We currently live with my fiancée’s family and we plan to build an apartment in the backyard. Eventually were going to rent it out and buy our own house. I can’t wait to get started, but it does cost money and plus it’s getting pretty hot outside. I’m not sure how we’re going to build it in the heat and I don’t want to shell out over $20k for the labor when we can just do it ourselves. I know it sounds like some people’s worst nightmare, to live with their in-laws, but it’s great to me. We’re very family oriented. Her dad has become my biggest father figure that I’ve ever had in my life which I didn’t realize how badly I needed one until I met him.
My dad died when I was 14. My mom woke me up in the middle of the night and told me my uncle had just called and said he was in a car accident. At that point, I was thinking we could go visit him right away and I pictured him hooked up to monitors, maybe some broken ribs, but overall he would be fine. She started to cry and said he didn’t make it. I felt my blood turn to ice, my entire body just gave up on trying to sit up and I collapsed into my bed. My entire world, as I knew it, had come to a screeching halt. Gravity seemed to have tightened its grip on me and oxygen escaped the room, suffocating me. We hadn’t spoken in over a year and we were arguing. My last words to him were something to the tune of “go to hell” when he asked if I would come visit him over email. I wish I could take back every word. He didn’t deserve that. The reason I wrote the email to begin with was because of this psychiatrist I had, I think her name was Mickey. She told me to write to him everything I felt and don’t hold back, so I didn’t and now it’s my biggest regret in life. I know we would probably have gotten along great now since I’m older and not as immature as I was. He lived in Nicaragua and my family ended up having the funeral before I could get there, which I think was within 2 days. Their reasoning? They didn’t think I was coming. That was and will be the biggest disappointment in my life. I got to go to the memorial service though, which was okay, I guess. I’ll never forget how empty, cold, and alone I felt. A part of me died with him that night. There were times when I would be on my knees with a rosary or a statue of Mary begging for a sign of him. I don’t even believe in God, but I was willing to do whatever it took to be in his presence again. I would cry on the floor until my eyes were swollen and I was drooling and my nose was running everywhere. It was the worst pain I’ve ever felt in my life and it always will be.

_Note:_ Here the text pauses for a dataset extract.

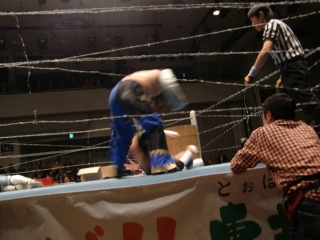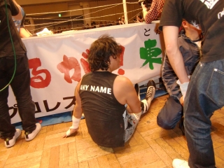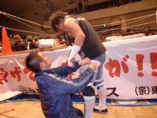 大仁田選手は怪我か?...と思ったらGパンが破れただけのようだ(笑)

When I was 6, I had this next door neighbor who used to be my best friend. His parents would leave their garage door open about 5″ or 6″ for the cats to run in and out. He dropped a baseball or something and it rolled out. I stuck my head under to try to reach it and my head was too big to fit. He ended up pushing the button and instead of going up, it went down. I ended up needing stitches and I remember the nurses holding me down while he stitched my head since I guess they were worried I had a concussion. I remember I used to have nightmares that I pushed my head through and the garage door came down on my neck. There’s actually still a dent in the garage door from where my head was. Anyway, I have a scar from where my hair starts right above my temple to almost the back of my head to remind me of the stupidity of my younger days. The whole point of that story is that losing my dad hurt worse than the garage door almost crushing my head.